Is Florida the only state that designates domestic entities as terrorist organizations?

In 2026, Indiana enacted Senate Bill 256, authorizing the governor to designate domestic groups and individuals as “affiliates” of a federally designated foreign terrorist organization (FTO). The law—which also went into effect July 1—defines “affiliate” broadly to include someone who “acts or acted in any capacity at the order or request” of an FTO or provided “material support or resources to aid” an FTO. Violations of the law are punishable by up to $10,000 per incident.

Lawmakers in several other states—Arizona, Louisiana, and Oklahoma—introduced bills in 2026 that would authorize state officials to designate domestic organizations as “terrorist” entities. These bills failed to advance in the 2026 session.

In 2025, Texas Governor Greg Abbott issued an executive proclamation that, like Governor DeSantis’ order in Florida, sought to designate CAIR as a terrorist organization, triggering serious legal consequences under state law.
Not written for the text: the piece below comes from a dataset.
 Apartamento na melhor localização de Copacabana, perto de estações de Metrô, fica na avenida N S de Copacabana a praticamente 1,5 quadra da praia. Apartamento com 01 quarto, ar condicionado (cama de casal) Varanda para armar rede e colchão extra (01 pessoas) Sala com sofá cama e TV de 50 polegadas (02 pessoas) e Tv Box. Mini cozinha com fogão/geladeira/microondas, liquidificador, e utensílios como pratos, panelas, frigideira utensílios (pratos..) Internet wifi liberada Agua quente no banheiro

As in Florida, CAIR sued, alleging First Amendment violations; the litigation is ongoing.

Florida and Indiana’s new laws (the former more pernicious than the latter) and those proposed in other states represent a significant shift. While 32 states and Washington, D.C. have domestic terrorism laws on the books—many already criticized as overbroad—those laws generally criminalize individual conduct. The new state designation laws go further by allowing state officials to label entire domestic organizations as terrorist entities and impose sweeping civil and criminal consequences, often with limited procedural safeguards and based on vague definitions that can criminalize protected First Amendment activity.

How do these state designations relate to federal designations of foreign and domestic terrorist organizations, including President Donald Trump’s designation of “Antifa”?
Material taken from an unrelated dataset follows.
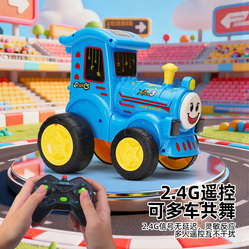 厂家【跳舞特技小火车】遥控汽车灯光音乐摇摆翻转充电儿童玩具车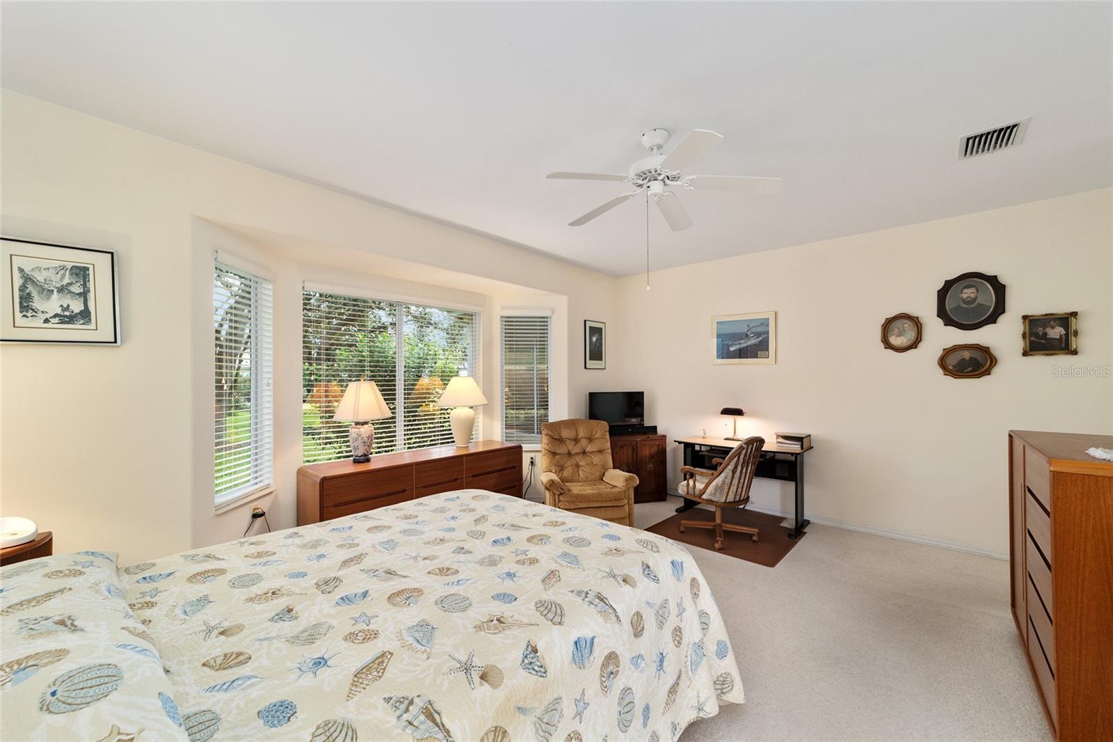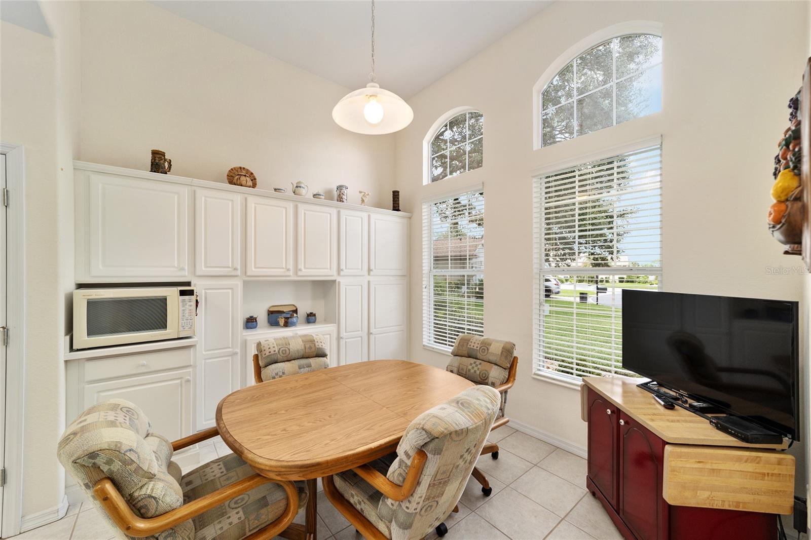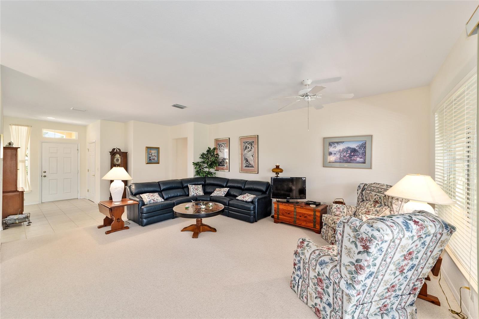 Situated on a quiet cul-de-sac with views of the golf course, this Sanibel residence has had a single owner and includes an additional third bedroom. The roof was replaced in 2021, and a new HVAC system is scheduled for installation in December 2025. The kitchen features Corian countertops and a full wall of built-in cabinets in the breakfast nook. The screened lanai was re-screened in 2018. The interior laundry room currently serves as an office, while the laundry area has been moved to the garage. Additional amenities include a tandem Golf Cart Garage, screens installed on both the main garage and the Golf Cart Garage, and an extended garage space. The property also offers a designer driveway, walkway, and front porch. The spacious backyard provides ample opportunity for a pool or outdoor recreation. An irrigation well is shared with neighboring properties. Located within Del Webb Spruce Creek Golf & Country Club, residents have access to four 9-hole golf courses, a restaurant, pro shop, three pools and hot tubs, a softball field, fitness center, and more. The home is protected by a transferrable termite bond, and the seller is offering a one-year Broward Factory Service Home Warranty. Appointments for viewing are available upon request.

New state-level terrorism designation laws depart from the traditional federal framework for terrorism designations, allowing state officials to make designation determinations long reserved to federal authorities. Federal law provides, for example, for the designation of “Specially Designated Global Terrorists” and “Foreign Terrorist Organizations” (FTOs), and makes it a crime to provide “material support” to FTOs. Because federal law provides for an extensive, uniform national scheme for terrorism designations, state laws that provide for designation of domestic groups may be vulnerable to federal preemption challenges.

In September 2025, Trump issued an executive order designating “Antifa” as a “Domestic Terrorist Organization.” The designation was not based in any underlying statutory authority and, as such, did not and does not trigger new criminal penalties for members of the designated “entity” or those who support it. However, together with National Security Presidential Memo 7 (NSPM-7), issued shortly after, the executive order does direct federal executive agencies to investigate and prosecute unlawful conduct by “Antifa,” individuals claiming to act on behalf of “Antifa,” as well as those who fund such conduct. Following the Antifa order and NSPM-7, the Trump administration has linked numerous prosecutions to its ongoing “campaign to eradicate Antifa’s domestic terrorism threat.”
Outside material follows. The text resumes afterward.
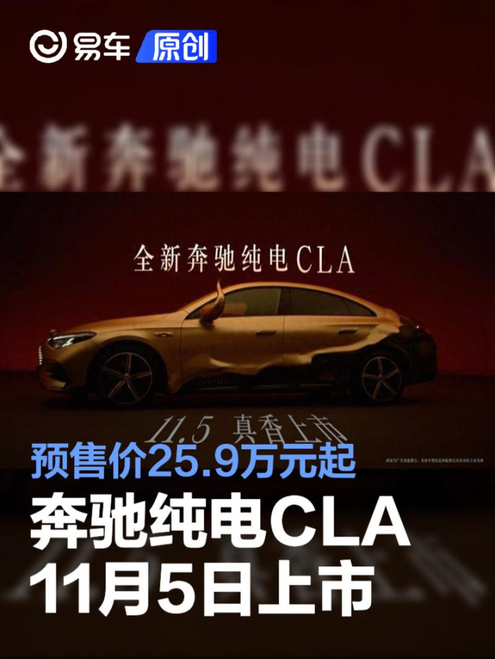 易车讯我们从官方获悉,奔驰全新纯电CLA将于11月5日迎来正式上市。新车于9月25日开启预售,包含两款车型,预售价区间25.9-29.9万元。

[Editor’s note: Readers may be interested in Tom Joscelyn and Ryan Goodman, The Smearing of Alex Pretti and NSPM-7, Just Security (Jan. 26, 2026)]

Why does the new Florida law, and others like it, matter?

Anyone who cares about the freedoms of speech and association protected by the First Amendment should be concerned about HB 1471 and the spread of state-level terrorism designation laws. The laws provide officials with sweeping discretion to target groups and advocacy that the government doesn’t like. Whether or not HB 1471 survives constitutional challenge remains to be seen, and that outcome will be critical to whether other states enact similar designation schemes. Courts should step in to protect civil liberties and ensure that states cannot use “terrorist” designations to punish disfavored speech and association.